The Latin American market provides an interesting case study for this transition.  Along with Southeast Asia, Latin America is one of the dominant regions driving mobile TV growth.  Analyst firm Techno Research Systems estimates that 31 million TV handsets will be purchased by Latin American consumers in 2010 and that this number will more than double to 76 million units by 2014 for both analogue and digital TV handsets.  Despite this strong regional interest in mobile TV, consumer uptake of digital free-to-air handsets has remained limited, which many in the local ecosystem believe is due to the fact digital mobile TV has been positioned in high-end, expensive models.
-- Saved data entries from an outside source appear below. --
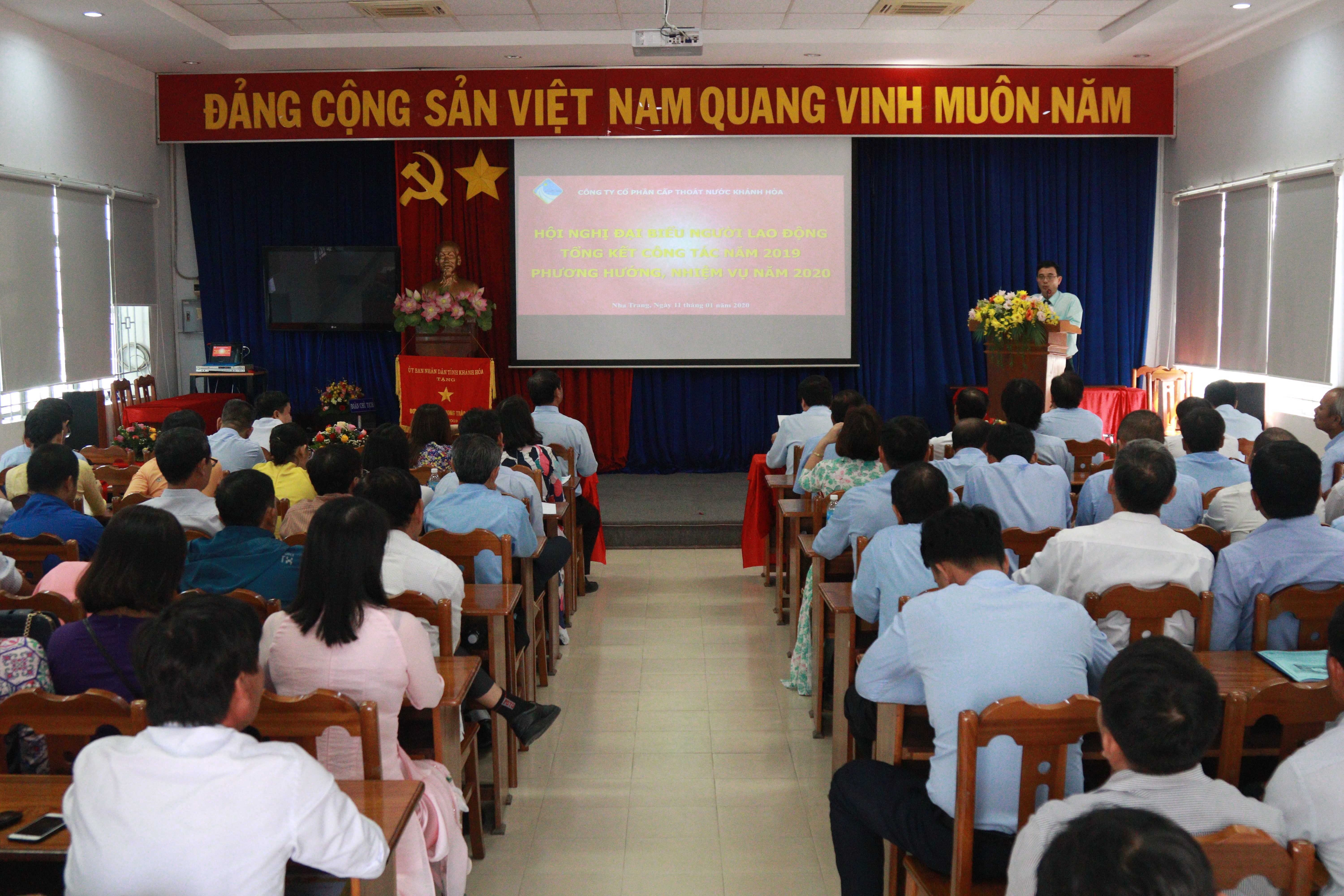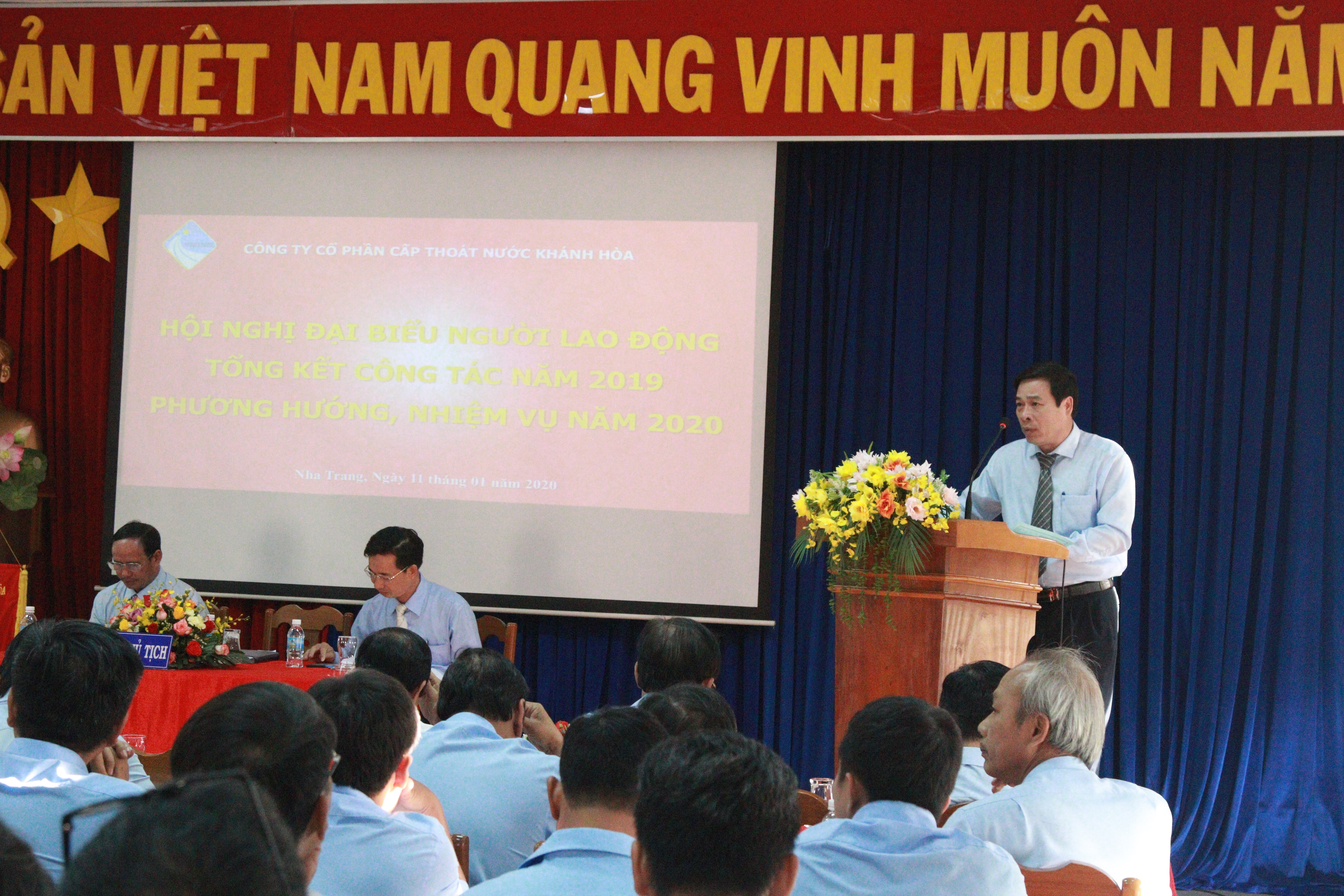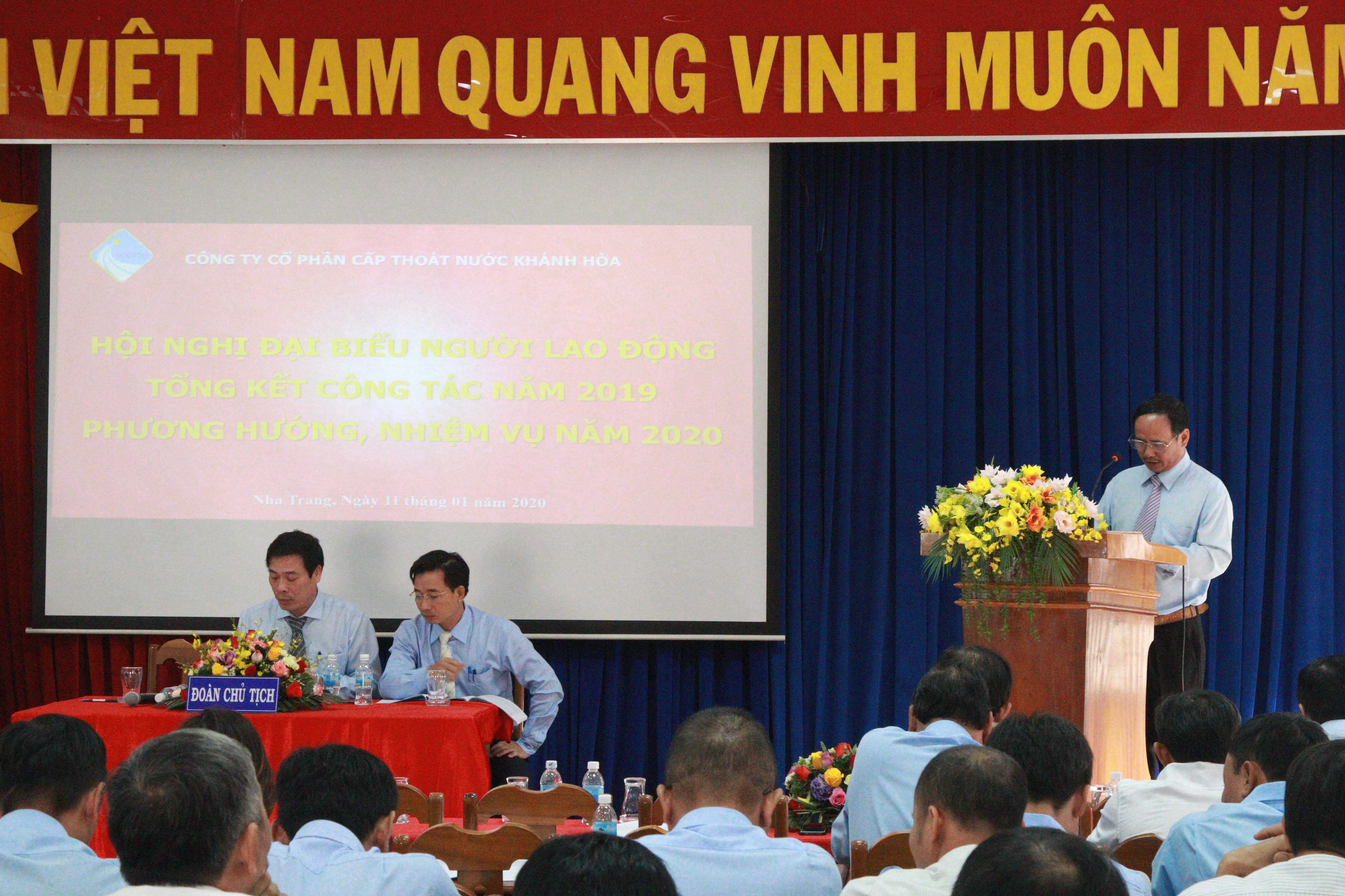 Ngày 11/01/2020, Công ty Cổ phần Cấp thoát nước Khánh Hòa (KHAWASSCO) tổ chức Hội nghị tổng kết công tác năm 2019, triển khai nhiệm vụ năm 2020. Đến tham dự Hội nghị có ông Văn Ngọc Sen – Phó trưởng ban thi đua khen thưởng tỉnh Khánh Hòa – Phó Giám đốc Sở Nội vụ; ông Bùi Đăng Thành – Trưởng ban Chính sách pháp luật – Liên đoàn Lao động tỉnh Khánh Hòa và 90 đại biểu là cán bộ lãnh đạo, quản lý và người lao động tiêu biểu đại diện cho 331 lao động Công ty Cổ phần Cấp thoát nước Khánh Hòa.
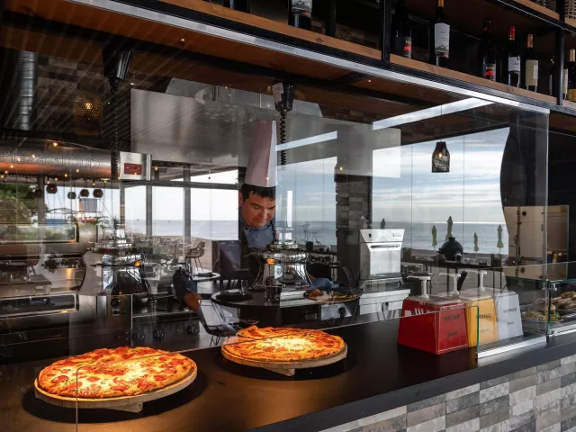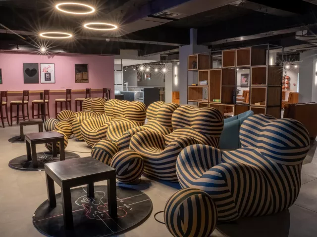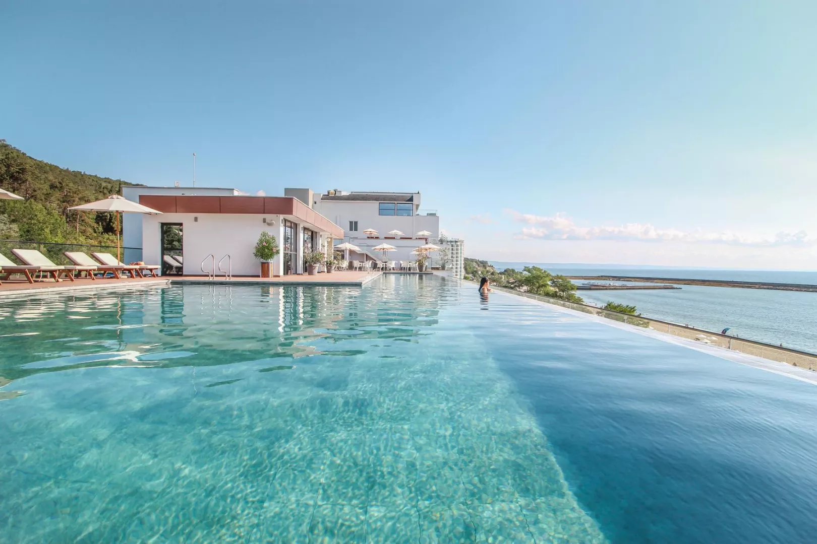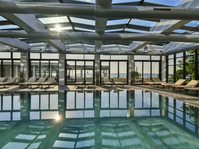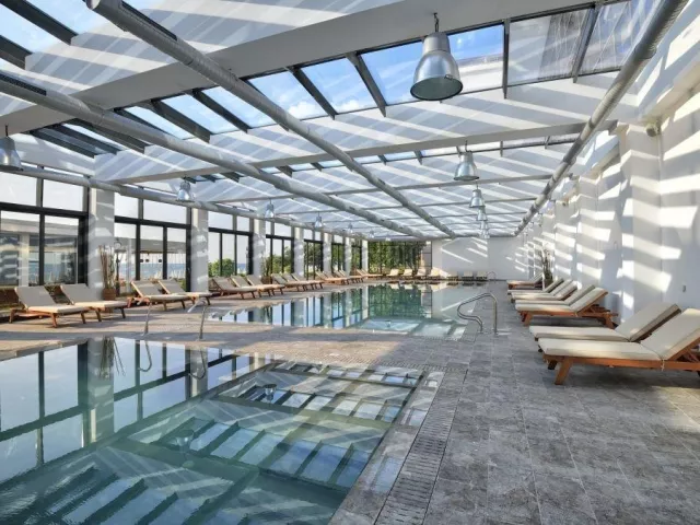 vstupná hala s recepciou reštaurácia s terasou lobby bar snack reštaurácia a bar na pláži sky bar bar pri bazéne 2 a la carte reštaurácia trezor zadarmo zmenáreň konferenčná miestnosť knižnica miniklub vnútorný vyhrievaný bazén detský bazén so šmykľavkami pre najmenších (pri pláži) nekonečný bazén s panoramatickou slnečnou terasou na streche (lehátka, slnečníky a osušky zdarma) MediSPA centrum (16+)
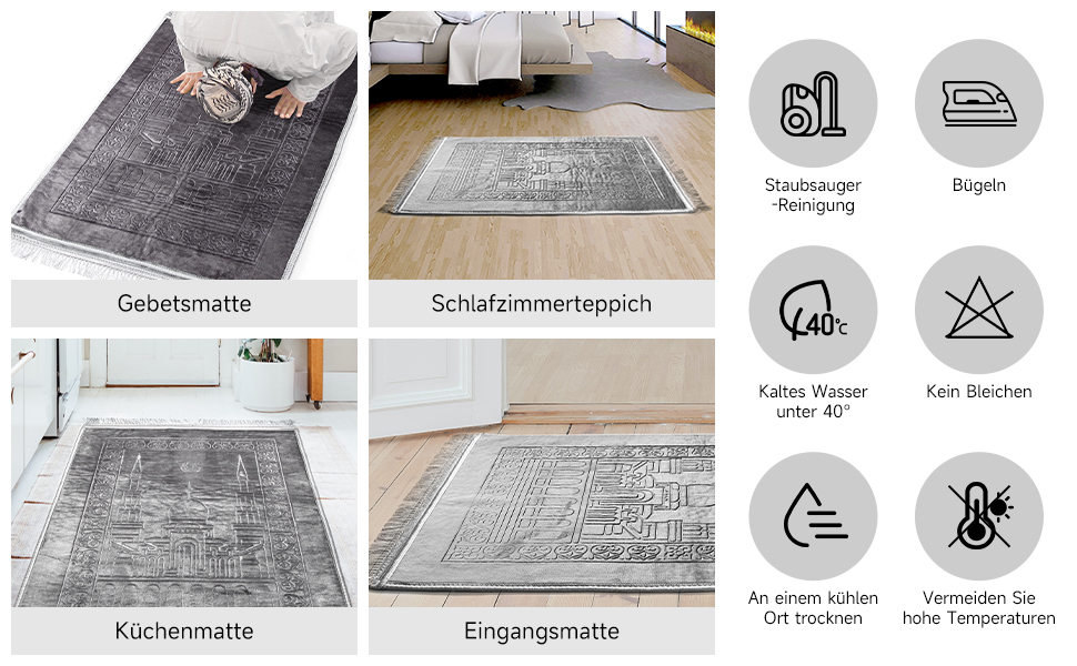 Homelux Islam prayer mat can be cleaned with a vacuum cleaner; machine wash in cold water below 104 °F (approx. 40°C), do not bleach. Hang to dry in the shade. Avoid prolonged soaking and high temperatures. Size: 31.5 inches × 47 inches / 80 x 120 cm.
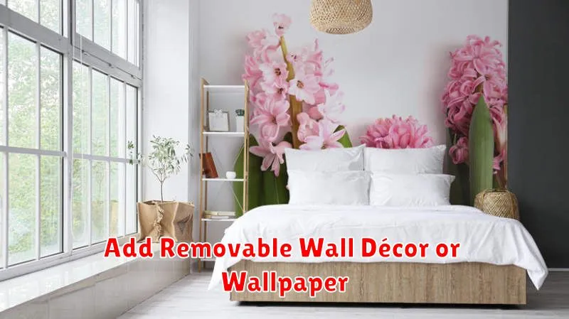 Temporary fabric wall hangings, secured with removable adhesive strips or tacks, also offer a non-damaging solution. These can introduce color, texture, and visual interest. Choose lightweight fabrics and ensure proper anchoring to prevent damage to the walls.

Mobile TV solutions are now being introduced that will enable the delivery of digital TV on low-cost handsets in combination with analogue TV, guaranteeing the broadest range of coverage and use cases during what is expected to be a reasonably long transition period in the region.  It is expected that both of these factors – low-cost digital TV designs and hybrid TV handset definitions - will jumpstart adoption of digital TV in parallel to the success of analogue TV in the region.
Uptake of free-to-air mobile TV in developed markets such as Europe and the US, where the regions have transitioned to digital broadcast TV standards DVB-T and ATSC, still remains limited.  In these regions, mobile phone definition and distribution rests largely in the hands of operators.  As a result, although consumers may value the feature as one of the many points of access to media that they have on their devices, the feature needs to be delivered in a way that it contributes to service revenue.  Developments that integrate interactive services with live broadcast TV, such as the Ginga initiative in Brazil, may help converge operator strategy and consumer demand in such a way that operators take interest in free-to-air broadcast TV as a strategic feature.  When this happens, we may start to see initial designs that incorporate the feature in developed economies, and more investment from operators in marketing campaigns around TV on mobile in the emerging markets.